How to Mitigate CVE-2025-46813
Immediate Actions Required
- Upgrade Discourse to a version of 3.5.0.beta4 built after commit 82d84af6b0efbd9fa2aeec3e91ce7be1a768511b, or move to the stable branch which is unaffected.
- Audit web access logs from the April 30 to May 2, 2025 window for unauthenticated requests to the homepage and assess what content was exposed.
- Rotate any sensitive content, invite links, or pinned posts that may have been visible from the homepage during the exposure window.
Patch Information
The issue was resolved by reverting the problematic routing change. See the GitHub Security Advisory GHSA-v3h7-c287-pfg9 and the reverting commit 82d84af6. Operators must upgrade; no configuration-level fix is available.
Workarounds
- No workarounds are available per the vendor advisory; upgrading to a non-vulnerable Discourse build is the only remediation.

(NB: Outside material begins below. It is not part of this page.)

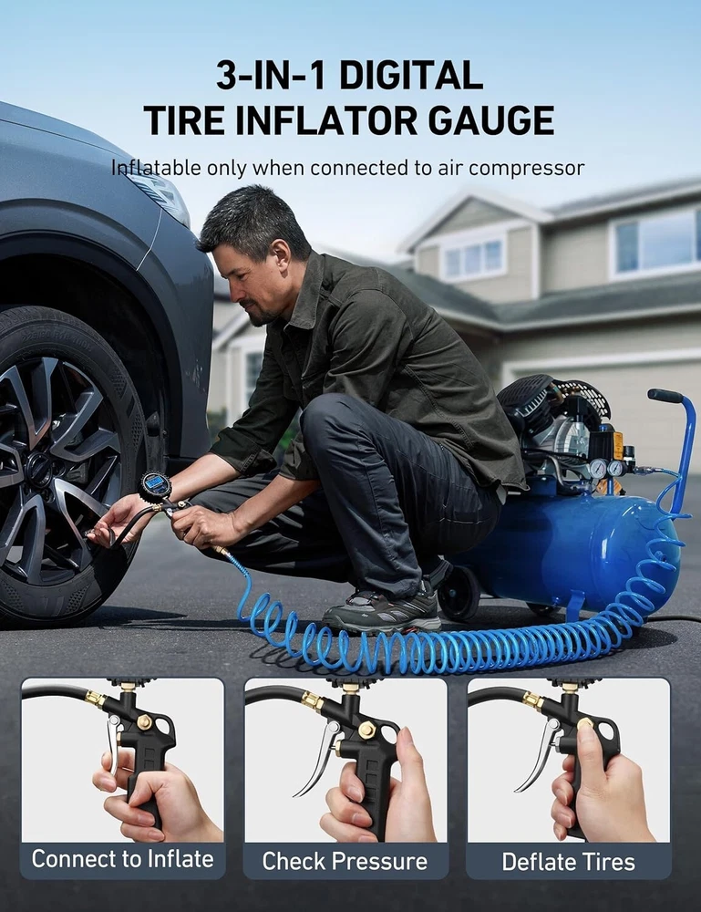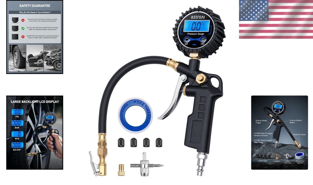 Accurate Inflator Gauge for Enhanced Safety - Premium Stainless Steel Build ‹ › ‹ › ‹ › ‹ › ‹ › ‹ › ‹ › ‹ › ‹ › ‹ › Accurate Inflator Gauge for Enhanced Safety - Premium Stainless Steel Build Features: Professionally calibrated to always return an accurate reading within 1% of the exact pressure of your tire. Accurately measures in a range from 0-250 PSI (0-17.2 Bar; 0-1724 Kpa; 0-17.5 kg/cm^2). Increased safety with properly inflated tires providing better performance in all weather conditions. Decreases the likelihood of flats, explosions, and crashes. Increases MPG, saves money on fuel/tire wear, and drives safer. All-in-one features including an inflator, straight locking chuck, gauge, hose, and bleed valve. Compatible with both ¼” and ½” NPT air compressors outputs. Made with heavy-duty stainless steel and high-quality brass components for lasting reliability and performance. Leak-proof lock-on chuck allows the inflator to handle pressure from various vehicles. Battery saver feature: automatically turns on when pressurized air is detected and turns off after 20 seconds of inactivity. Benefits: Premium stainless steel build for durability and safety. High accuracy ensures no more guessing with tire pressure readings. Enhanced safety with properly inflated tires. Cost-effective as it increases MPG and saves on fuel/tire wear. Convenient all-in-one design for easy use and storage. Compatible with a wide range of vehicles. Battery saver feature for extended use. Perfect stocking stuffer for men who value safety and quality. Why choose our Accurate Inflator Gauge? Upgrade your safety and accuracy with our Accurate Inflator Gauge. Say goodbye to guesswork and hello to precise tire pressure readings with our professionally calibrated gauge. Properly inflated tires not only enhance performance in all conditions but also increase safety on the road, saving you money on fuel and tire wear. Made with durable stainless steel and featuring an all-in-one design, this inflator is a must-have for every vehicle owner. Ensure your safety and peace of mind - choose our Accurate Inflator Gauge today! Shipping Free & Fast Shipping - We offer free shipping to most of the USA with a normal delivery time of 3-7 days. However, due to the current situation, additional delivery time (up to 3 weeks) may be required for some items. Alternative Carriers - We may use alternative carriers (e.g. USPS, FedEx, UPS, etc.) to ensure your package arrives safely and on time. Due to the use of multiple carriers, we are unable to provide a tracking number automatically. Handling Time - Orders are processed and shipped within 1-2 business days of receiving cleared payment. Shipping Restrictions - Shipping to Alaska, Hawaii, Puerto Rico, Guam, and other US territories may incur shipping charges or delivery restrictions. Please contact us before ordering, or your order can be refunded/cancelled. State Restrictions - There may be restrictions based on your state of purchase. For example, certain items may not be shipped to California due to state regulations. Contact for Tracking Updates - If you require tracking updates or have any concerns about the delivery of your order, please feel free to contact us, and we will be happy to assist you. Return 30-Day Hassle-Free Returns - We want you to be completely satisfied with your purchase. If you are not, you can return the item within 30 days of receiving it for a full refund or exchange. Easy Return Process - To start a return, simply contact us and we will provide you with a prepaid return shipping label and detailed instructions. Restocking Fee - There are no restocking fees for returns. However, the buyer is responsible for return shipping costs if the return is not due to a seller's error. Refund Processing Time - Refunds will be processed within 5 business days of receiving the returned item in its original condition. Payment We accept all major credit cards, PayPal, and Apple Pay for your convenience. Your payment information is secure and encrypted to ensure a safe and seamless transaction. Please complete your payment within 3 days of purchase to avoid any delays in shipping. Feedback Your feedback is extremely important to us. We strive to provide the best products and customer service possible. If you are satisfied with your purchase, please take a moment to leave us a positive review. If you have any concerns or issues with your order, please contact us before leaving negative feedback. We are committed to resolving any problems and ensuring your satisfaction. Contact Us If you have any questions or concerns, please feel free to reach out to our customer support team. You can contact us through the eBay messaging system. We are available Monday to Friday, 9:00 am to 5:00 pm EST, and we will do our best to respond to your inquiry within 24 hours. Thank you for supporting our small family business! Placement on Vehicle: Front Manufacturer Part Number: Digital Tire Pressure Gauge with Inflator OE/OEM Part Number: Digital Tire Pressure Gauge with Inflator Material: Brass,Stainless Steel Finish: Metallic Interchange Part Number: Digital Tire Pressure Gauge with Inflator Superseded Part Number: Digital Tire Pressure Gauge with Inflator Brand: Unbranded Type: Tire Pressure Gauge Manufacturer Warranty: Digital Tire Pressure Gauge with Inflator

- As a compensating control until upgrade, place the Discourse instance behind a reverse proxy or WAF that requires authentication before serving the root path.
# Example: upgrade a Discourse instance running the official Docker setup
cd /var/discourse
git pull
./launcher rebuild app
# Verify the deployed commit is at or after the fix
docker exec app bash -c "cd /var/www/discourse && git rev-parse HEAD"
# Expected: 82d84af6b0efbd9fa2aeec3e91ce7be1a768511b or later
Disclaimer: This content was generated using AI. While we strive for accuracy, please verify critical information with official sources.